>>>
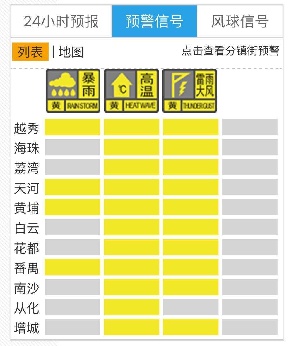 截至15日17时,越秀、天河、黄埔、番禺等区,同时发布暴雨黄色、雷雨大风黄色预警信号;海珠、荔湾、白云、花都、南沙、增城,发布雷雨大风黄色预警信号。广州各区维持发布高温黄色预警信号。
<<<
>>>
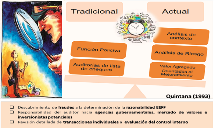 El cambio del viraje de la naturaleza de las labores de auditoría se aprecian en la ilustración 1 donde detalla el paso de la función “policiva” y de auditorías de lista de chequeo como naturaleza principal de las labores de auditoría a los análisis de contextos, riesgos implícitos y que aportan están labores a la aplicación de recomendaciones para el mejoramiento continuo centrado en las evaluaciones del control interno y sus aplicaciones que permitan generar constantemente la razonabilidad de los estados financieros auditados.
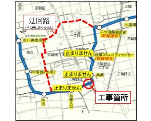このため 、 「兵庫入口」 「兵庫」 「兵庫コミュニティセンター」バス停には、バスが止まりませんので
<<<
>>>
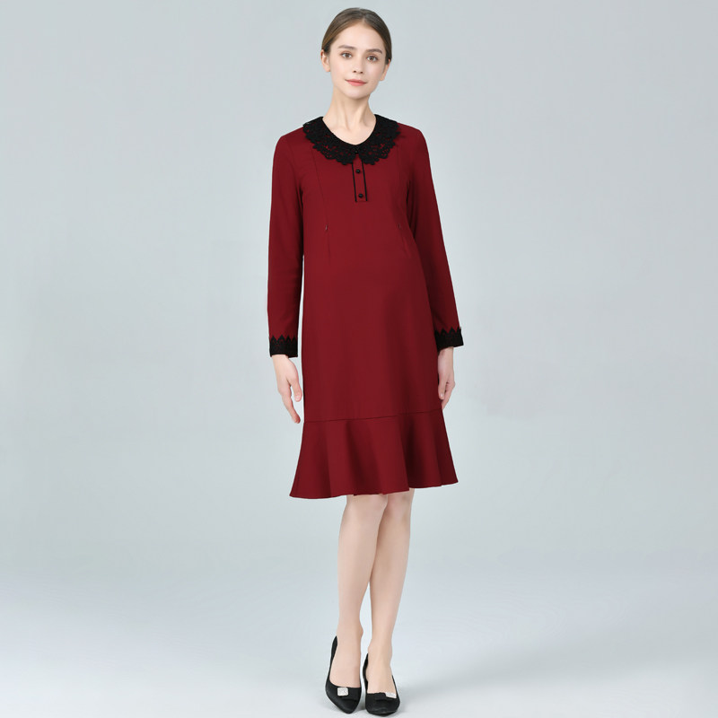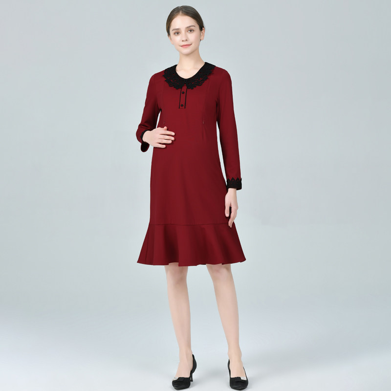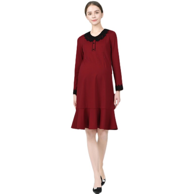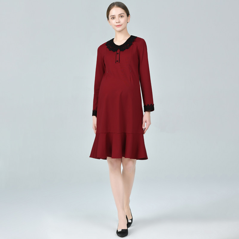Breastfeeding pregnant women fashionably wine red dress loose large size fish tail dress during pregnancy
<<<
Work instructions — Look above and copy only the lines from the one holding "El cambio del" to the one holding "このため 、 「兵庫入口」", both included, exactly, minus the pictures.

Completed exercise —
 El cambio del viraje de la naturaleza de las labores de auditoría se aprecian en la ilustración 1 donde detalla el paso de la función “policiva” y de auditorías de lista de chequeo como naturaleza principal de las labores de auditoría a los análisis de contextos, riesgos implícitos y que aportan están labores a la aplicación de recomendaciones para el mejoramiento continuo centrado en las evaluaciones del control interno y sus aplicaciones que permitan generar constantemente la razonabilidad de los estados financieros auditados.
このため 、 「兵庫入口」 「兵庫」 「兵庫コミュニティセンター」バス停には、バスが止まりませんので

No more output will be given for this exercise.